╔══

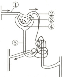 D.如果结构⑤病变,患者的尿液中会有血细胞
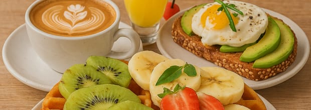 - Menú Waffle: gofre con frutas + tostada con aguacate y huevo + café + zumo
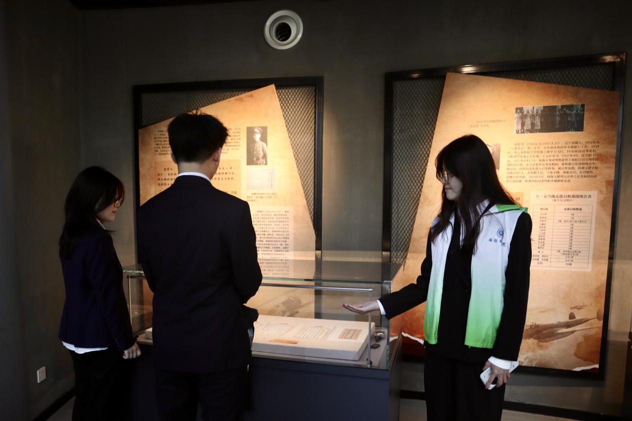 为赓续红色血脉、厚植家国情怀,引导青年学子铭记革命历史、传承英烈精神,11月30日上午,学生代表在志工部志愿者的带领下,走进南京抗日航空烈士纪念馆,开展“铭记历史,珍爱和平,吾辈自强”国家公祭日主题学习活动。此次活动通过展馆沉浸式学习与烈士墓碑前追思致敬相结合的形式,让同学们在实地探访中感悟初心使命,在精神传承中凝聚奋进力量。
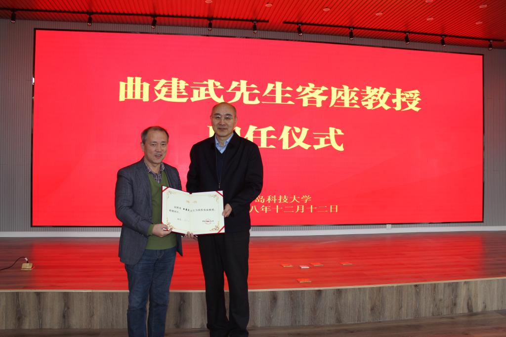 会前,陈克正为曲建武教授颁发了伟德国际1949官网客座教授、辅导员导师聘书。
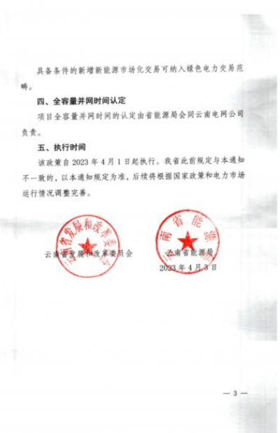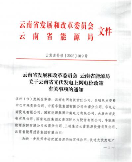 4月3日,云南省發(fā)展和改革委員會、云南省能源局發(fā)布了《關于云南省光伏發(fā)電上網(wǎng)電價政策有關事項的通知》。該政策自2023年4月1日起執(zhí)行。通知顯示,為進一步發(fā)揮市場配置資源的決定性作用,促進光伏發(fā)電產(chǎn)業(yè)健康有序發(fā)展,提升能源保供能力,云南省對新增合規(guī)光伏發(fā)電項目全電量納入市場統(tǒng)籌。
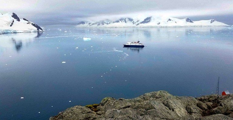 Our ship in Paradise Bay at Base Brown (Argentine Research Station).
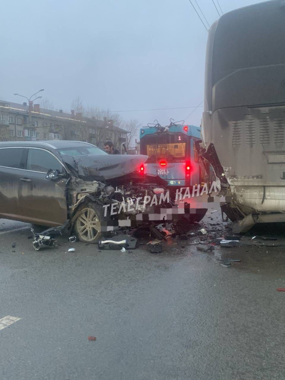 На кадрах видно, что из-за столкновения серьезно пострадали три автомобиля. Один из них врезался в автобус. У автомобиля полностью смят капот и разбиты фары. На проезжей части разбросаны части авто. Также пострадал автобус: у него разбита левая фара и смята левая часть.

╚══

# [WHAT IS REQUIRED]
With the pictures left out, copy exactly the lines from the line holding "会前,陈克正为曲建武教授颁发了伟德国际1949官网客座教授、辅导员导师聘书。" through the final line of the records, including both.

# [WRITTEN RESPONSE]
 会前,陈克正为曲建武教授颁发了伟德国际1949官网客座教授、辅导员导师聘书。
 4月3日,云南省發(fā)展和改革委員會、云南省能源局發(fā)布了《關于云南省光伏發(fā)電上網(wǎng)電價政策有關事項的通知》。該政策自2023年4月1日起執(zhí)行。通知顯示,為進一步發(fā)揮市場配置資源的決定性作用,促進光伏發(fā)電產(chǎn)業(yè)健康有序發(fā)展,提升能源保供能力,云南省對新增合規(guī)光伏發(fā)電項目全電量納入市場統(tǒng)籌。
 Our ship in Paradise Bay at Base Brown (Argentine Research Station).
 На кадрах видно, что из-за столкновения серьезно пострадали три автомобиля. Один из них врезался в автобус. У автомобиля полностью смят капот и разбиты фары. На проезжей части разбросаны части авто. Также пострадал автобус: у него разбита левая фара и смята левая часть.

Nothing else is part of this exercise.